Let’s look at a few examples:
If s = “leetcode” and wordDict = [“leet”, “code”], the output should be true, because “leetcode” can be segmented as “leet code”.
If s = “applepenapple” and wordDict = [“apple”, “pen”], the output should be true, because it can be segmented as “apple pen apple”. Notice that you can reuse dictionary words.
If s = “catsandog” and wordDict = [“cats”, “dog”, “sand”, “and”, “cat”], the output should be false. Even though parts of the string match, there’s no way to segment the entire string using the dictionary words.
Brain storming
so the idea is given a string can it be split into words in a dict or not . lets take one eg s = “leetcode” wordDict = [“leet”, “code”] we know for sure that it can be done. How? by putting a | between s[:3] and s[3:] but how will we know that we should put a split there? one thing that we can think of is what if we iterate over the whole string from 1st index and check if the split is valid or and we can store that info in a array in term of True and False so dp[1] = False ( since “L|eetcode” is not a valid since “L”, “eetcode” are not in wordDict) same for dp[2] = False ( since “Le|etcode” is also not in word dict) for dp[3] = True ( since “Leet|code” is part of the word dict) lets see if it works if we have more than 1 break for eg “applepenapple” dp[4] = False (but its wrong since apple is part of the word dict )
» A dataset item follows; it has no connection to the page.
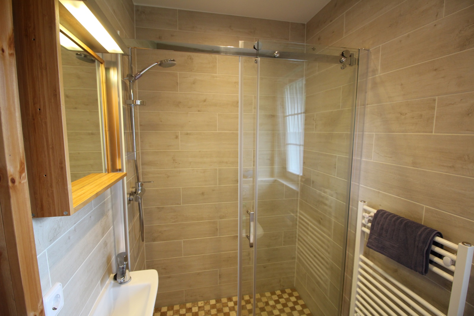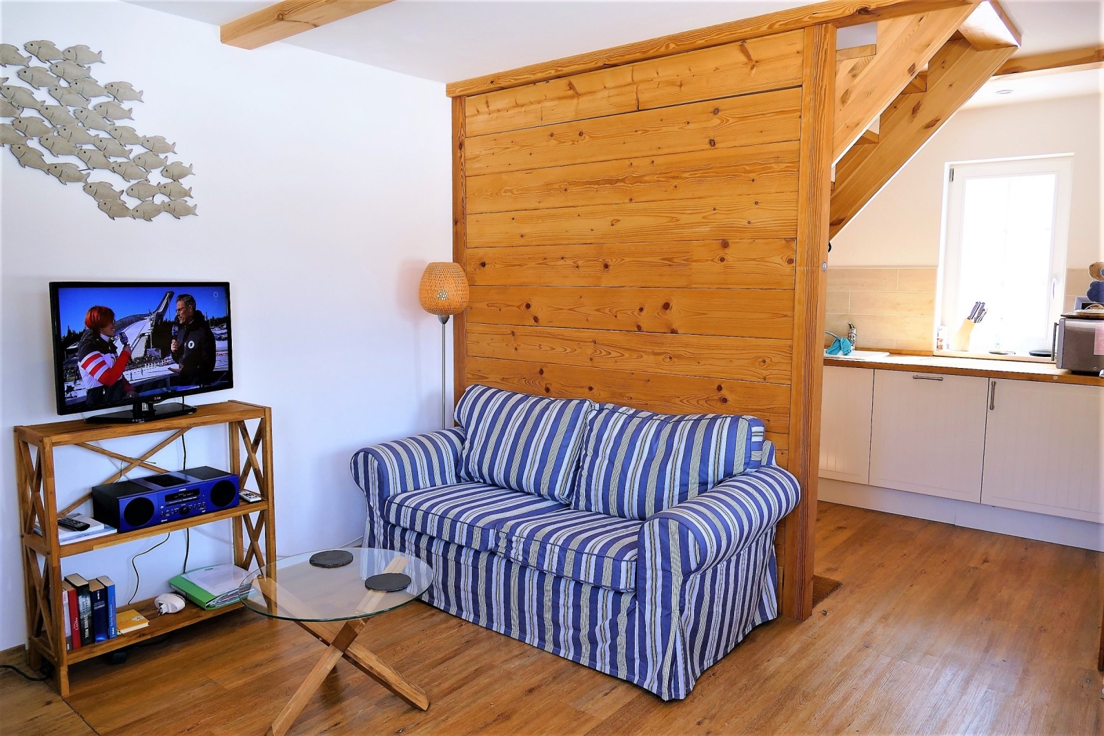 On the ground floor you will find the living room with an open fitted kitchen and a fireplace; also the terrace. In the kitchen you will find a refrigerator, dishwasher, microwave and induction hob. For your entertainment you will find a flat-screen HD-TV. Furthermore there is a bathroom with shower and towel radiators.
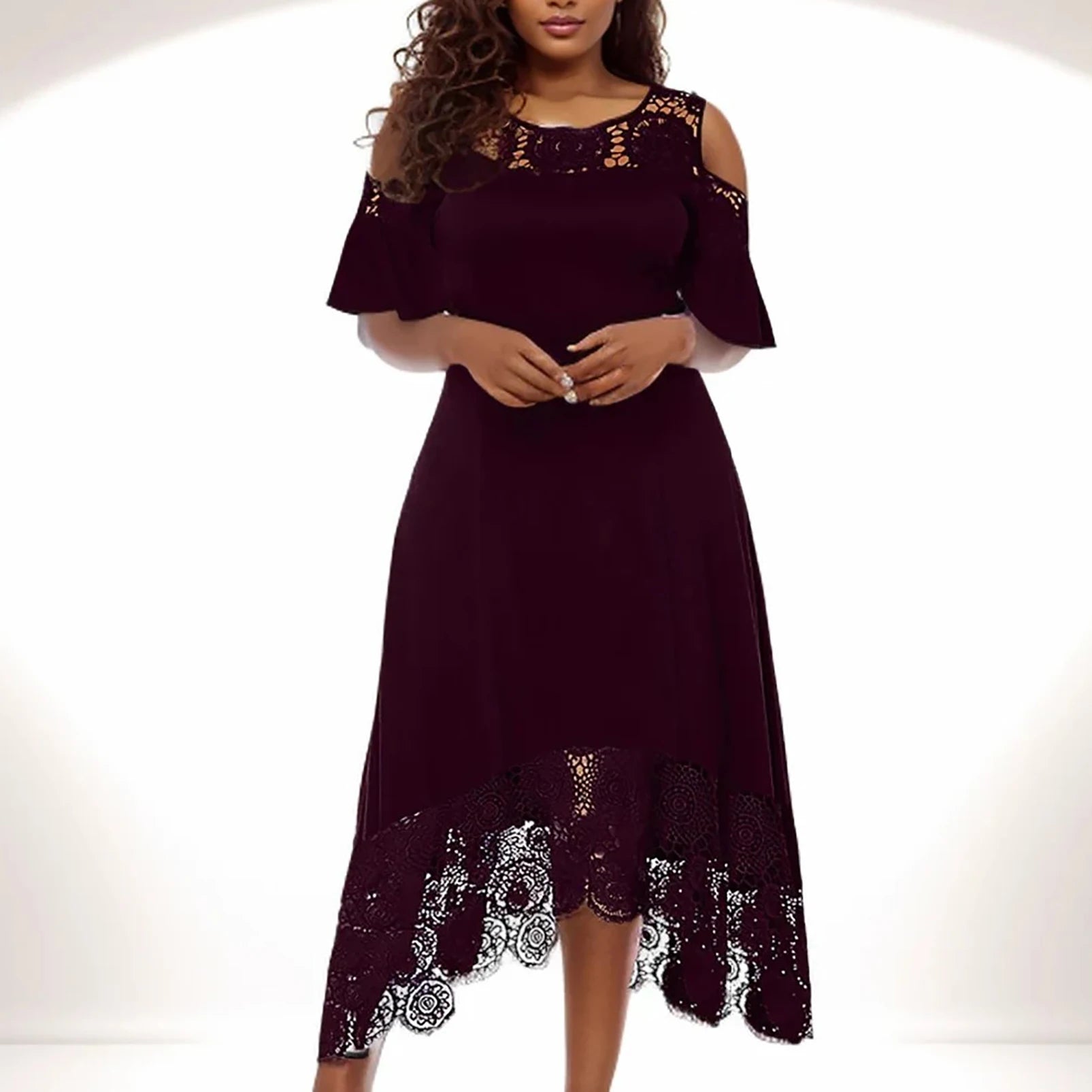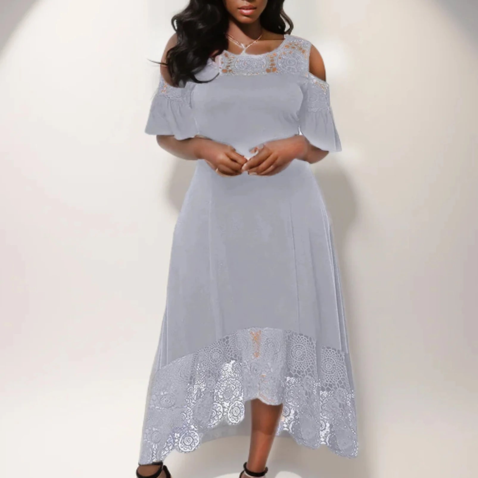 Party Dress for Women Elegant Classy Plus Size Summer Round-Neck Off Shoulder Dress Lace Short Sleeve Wedding Guest Dresses

we can tweak it a bit so that we make it a prefix check ie string up to s[3] if that can be split and if any word is available in wordDict and check if that prefix and the remaining string both are in wordDict or not
“apple|penapple” dp[4] ? “applepen|apple” dp[7]? dp[4] is not actually exactly splittable since even though apple is in WordDict but penapple is not
but in dp[7] the thing is clear as applepen is splittable and both words are available in word dict as well as apple is also available in wordDict
so we will run loops and tabulate the result loop will give us the prefix string to check for split and the second loop for the split check on that prefix string
the core logic then be we will essentially reuse the old results of the splits done for the prefix string and check use it so that we don’t recalculate it (dynamic programming)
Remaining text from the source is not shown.